Aid convoy enters Eastern Ghouta as thousands flee violence
A joint UN-International Committee of the Red Cross aid convoy entered the besieged Eastern Ghouta on Thursday as thousands of residents fled the area.
The convoy consisted of 25 trucks, and will provide aid to more than 26,000 people. But the IRC cautioned in a tweet that it was "just a little of what these families need".
The convoy is headed for Douma, the largest and most populated town in Eastern Ghouta.
Previous aid deliveries last week were mired in violence that disrupted its distribution, with shells slamming in the town as the aid workers were inside.
Violence and fighting has continued in Eastern Ghouta despite a 30-day UN ceasefire passed on 24 February.
UN and Western officials have criticised the Syrian regime and Russia for continuing its bombardment of the rebel-held enclave.
At least 1,220 civilians have died since the regime offensive began last month.
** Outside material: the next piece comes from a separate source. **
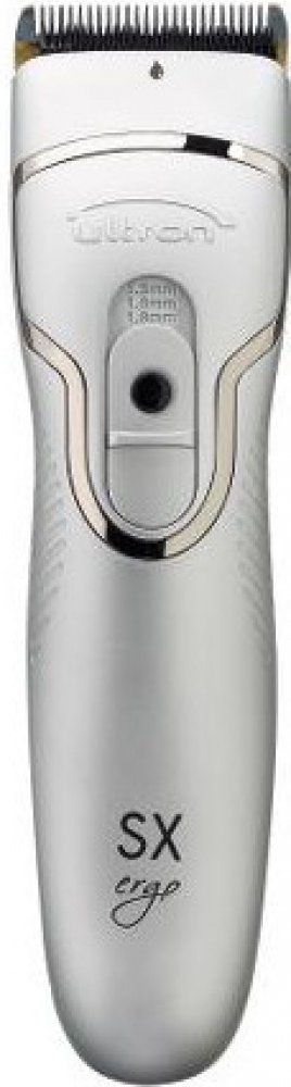 Zastřihovač vlasů a vousů Ultron SX Ergo přináší špičkový výkon a maximální přesnost díky svému výkonnému motoru s 7000 otáčkami za minutu, který zajišťuje rychlý a efektivní střih. Tento zastřihovač nabízí až 5 hodin akumulátorového provozu, což ocení každý, kdo potřebuje spolehlivý výkon po delší dobu bez nutnosti dobíjení. LCD displej je praktický pomocník, který Vás upozorní na nutnost mazání strojku a zároveň zobrazuje zbývající dobu provozu. Zastřihovač je vybaven keramicko-titanovou hlavicí o šířce 45 mm. Výšku střihu lze nastavit v rozmezí 1 mm až 1,9 mm. K dispozici jsou i plastové oboustranné nástavce o velikostech 3 mm a 6 mm, 9 mm a 12 mm, které poskytují větší variabilitu v délce střihu. Díky ergonomickému designu strojek skvěle padne do ruky a umožňuje snadnou manipulaci, což zajišťuje komfort při používání, ať už doma nebo v profesionálním salonu. Součástí balení je olej, čistící kartáček a adaptér na dobíjení.Barva: stříbrnáProvoz: akumulátorovýVlastnosti: - profesionální zastřihovač vlasů- motor o výkonu 7000 ot./min.- keramicko-titanová hlavice o šířce 45 mm- výška střihu 1-1,9 mm- ergonomický design- snadná manipulace- vhodný také na vousy- LCD displej informující o stavu zastřihovače- doba provozu až 300 minutBalení obsahuje:- oboustranné plastové nástavce (3 mm, 6 mm, 9 mm a 12 mm)- čisticí kartáček- olej- nabíjecí adaptér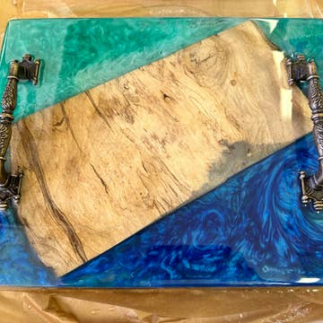 Maple Wood Rectangle 8" x 7" Cheese board Each resin design is one of a kind

On Wednesday, the pro-regime Al-Mayadeen station said regime forces were close to recapturing Hammourieh, one of Eastern Ghouta's towns.
Activists said that air raids and chlorine attacks had forced many residents underground.
More than 3,000 people also escaped rebel-held Eastern Ghouta to regime-held territory on Thursday, in what the Syrian Observatory for Human Rights called "the largest displacement since the beginning of the assault on Ghouta".
Many residents expect Eastern Ghouta to follow a similar trajectory as Eastern Aleppo, which fell to regime forces in 2016 following airstrikes and a ground offensive.
Syrian regime forces have recaptured more than 60 percent of Eastern Ghouta since launching their offensive.